PHOTO BY CHRIS DUFFEY

John Meyer, top, of Meyer Sound had just what John Paluska of Comal wanted and needed.


How Two East Bay Restaurants Are Dialing Down the Din of Dining

The “music” is reduced to either an aggressive thump that rattles the ice in your gin and tonic or a hissing tsk tsk tsk that chars the ossicles in your inner ear. The clatter of silverware being dumped into a busing tray and the clang of pans in the open kitchen, not to mention the conversation going on at the table six inches to your right about a brother-in-law’s affair with his Pilates instructor, adds to the din that forces you to shout your sweet nothings to your companion across the table and lean across your plate of pan-roasted monkfish to decipher his response. Such are the aural aspects of the modern dining experience, so typical that some restaurant reviews include bomb symbols to rate the noise level.

But that’s not the case at Comal and Oliveto. In both the downtown Berkeley contemporary Mexican restaurant and the Rockridge Italian fine-dining stalwart you can actually carry on a conversation without raising your voice. And while Oliveto doesn’t pipe music into its sedate upstairs dining room, choosing to sustain a sense of intimacy, Comal keeps a steady rock, folk, R&B, and world music soundtrack going in its more party-like atmosphere—and you can clearly hear the lyrics and all the instruments should you pay attention.

Both restaurants owe their soothing sonic solutions to Meyer Sound of Berkeley and the company’s revolutionary computer-controlled Constellation electronic sound system and Libra sound-absorbent wall panels.

It’s not that restaurateurs and diners have only recently begun caring about the sound environment, says John Meyer, the renowned researcher, engineer, and entrepreneur behind such innovations as the Grateful Dead’s elaborate concert PA system in the 1970s, state-of-the-art studio monitor speakers, and installation systems in nightclubs, theaters, concert halls, subways, museums, cruise ships, and more. “Restaurants have tried for years to address the noise problem, but there isn’t a physical solution,” he says. “Physical things [sound-dampening baffles and the like] have been tried to death, but cancelling sound is really next to impossible.”

Constellation and Libra use dozens or scores of microphones, speakers, and panels of artwork to absorb and reintroduce sounds through a computer system easily controlled by as few as three buttons or on an iPad. Adjustments can instantaneously be made for how full or empty the restaurant might be, maintaining a certain amount of “buzz” while making conversations refreshingly intelligible from one end of the table to the other.

PHOTO BY CHRIS DUFFEY

John Paluska of Comal


Comal owner John Paluska, who in an earlier life managed the rock band Phish, says that his architect looked into Libra panels while designing the restaurant, and that led to the full-blown collaboration with Meyer Sound on the Constellation installation. He compares the sonic results to the shallow depth of field in photography, where you have a sharply focused center—the conversation at your table—in a softly blurred setting; or to sitting in a “microbubble” in which every word is intelligible. “Most customers are not even conscious of it,” he says, “they just know that they’re having a good experience, that it feels right.”

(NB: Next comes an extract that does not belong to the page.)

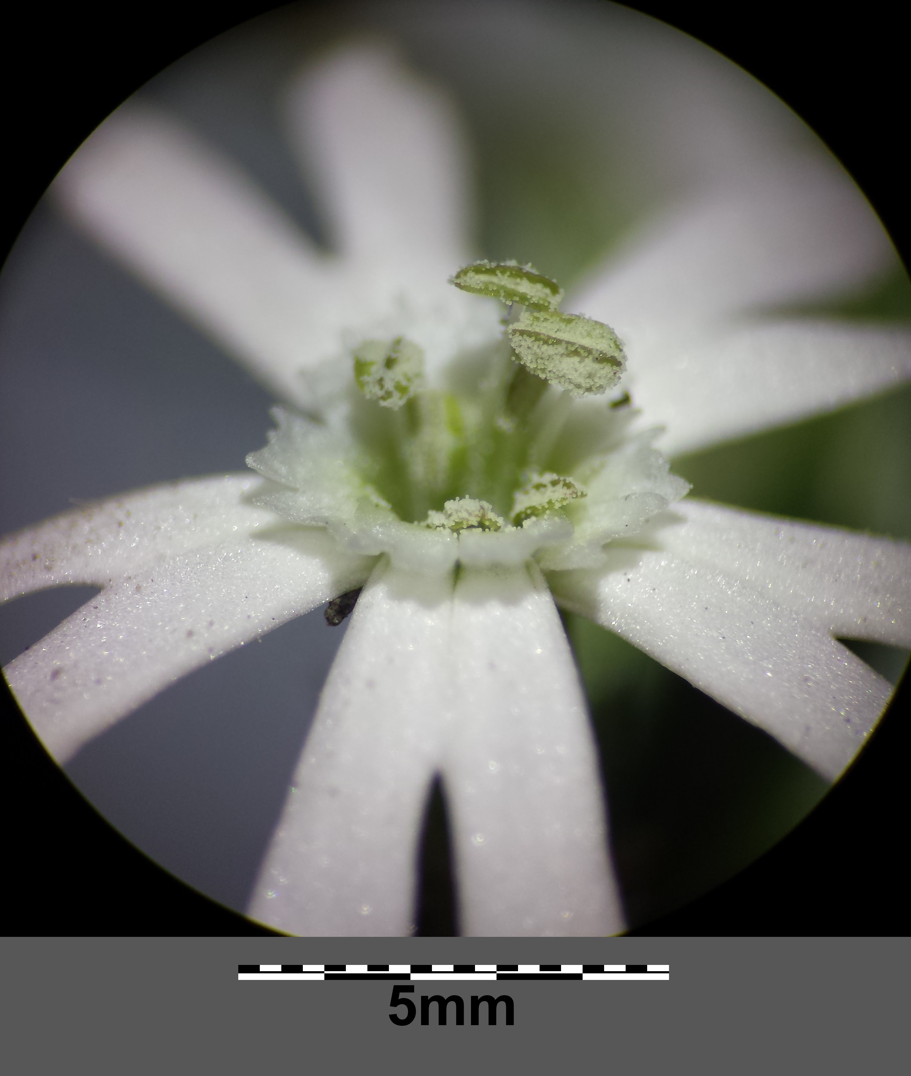 Corolla Taxonym: Silene noctiflora ss Fischer et al. EfÖLS 2008 ISBN 978-3-85474-187-9 Location: Steinberg near Niederhollabrunn, district Korneuburg, Lower Austria - ca. 375 m a.s.l. Habitat: fallow land

Bob Klein, who co-owns Oliveto with his wife, Maggie, had been impressed by the Comal ambiance and, when John and Helen Meyer came into Oliveto for dinner one night, he engaged them in a conversation about his plans for a restaurant redesign. The result was a Libra/Constellation system that not only makes dinner an opportunity for meaningful, physiologically stress-free conversation, but also broadens the potential for events such as the Oliveto Commons community panel-discussion events.

“It’s frustrating to be someplace with someone you want to talk with and you can’t hear each other,” Klein says. “Once we found out there was something we could do about it, we didn’t want to take any shortcuts. We’re always asking ourselves, what’s the next direction for us? Now that we have this system, it’s really wild—we can put a string quartet in here and have a world-class concert hall.” Perhaps that’s more than you’ve imagined for your next dinner out, but it sure beats bellowing, “How’s your panna cotta, honey?!”